Elections are about to happen in Jaffna but next to no election activity is apparent. The only posters are of Northern powerhouse Douglas Devananda. Jaffna’s institutions could use more work. Its social infrastructure needs looking at, and there is a lot to be said about freedoms of movement. The crux is that the people there still seem somewhat subjugated, they don’t feel trusted, and by extension still don’t feel like they truly belong in this country.
In conclusion, I think there is a lot of hope for Jaffna. Most of the issues are touch and go, and people do love to complain. But some problems, like paramilitaries and the abuse of freedoms and law and order are real. The peace dividend is definitely starting to turn the economic wheels in the North, but a lot of other factors are providing plenty of friction. This friction needs to be gradually removed.
One response to “Jaffna in Limbo: A Muslim Journalist’s Visit”
If you went to new Orleans 2 years after the Katrina Hurricane struck Louisiana, you would have seen less development than in the North today, two years after a civil war. Even now, 25% of the Kartina “IDPS’ have NOT been settled!!!!
So, I am no lover of Rajapaksa, but Sri Lanka is going a great job, of course with the help or China/Japan or what ever.
I hear some of my compatriots (Tamils) claiming that the government is “developing the infra-structure” instead of “giving a political solution”. That is the view of the power-hungry Tamil politicians and the “educated” (i.e., previlaged) tamils. The first thing to do is full de-mining. You cannot transport supplies to build houses or villages with broken roads and culverts. You need power to run tools.
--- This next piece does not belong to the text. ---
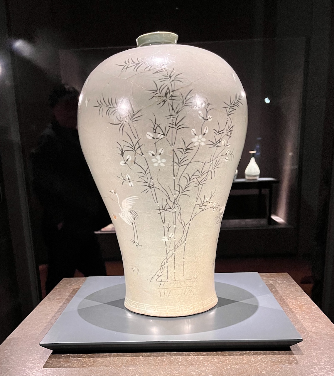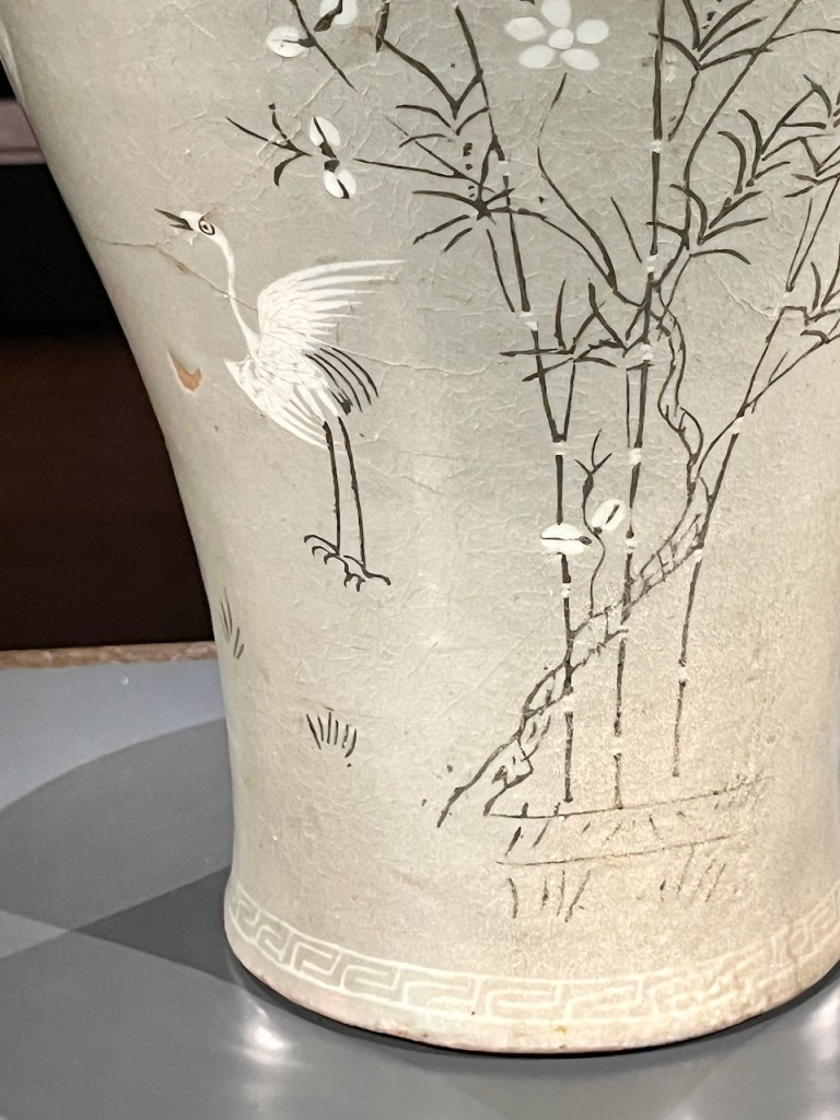 Maebyeong, Vase with Plum Blossoms, Bamboos and Cranes, Celadon with inlaid design

So building the infrastructure IS TOP PRIORITY. Politics can come from the people when people are settled – not before. But the (upper caste) people own all the land, the poor Tamils (80%) will remain poor.
As for the writer’s concern about Tamil Kings, we have to admit that if you take the period from 5th century BC to 20th century, there may have been a 100-200 kings/queens; and of these, about 15% or less have been Pandyan, Malayalm, Magha, or Chola. The rest, even when they were Dravidian, ran their administrations in Singala and left stone inscriptions in singala. And that is even including the “Arya-chakravarthi-Sankilli period. in Jaffna. So, it is not surprising that 15% makes less of an impression than 85%. Keeramalai is a shrine for vakula (Nakula), a Pasupathi sect which was a fusion of Buddhism and Hinduism. The Kandyan kings were Telegu but the singala people did not care about that, as long as they worshiped the Buddha.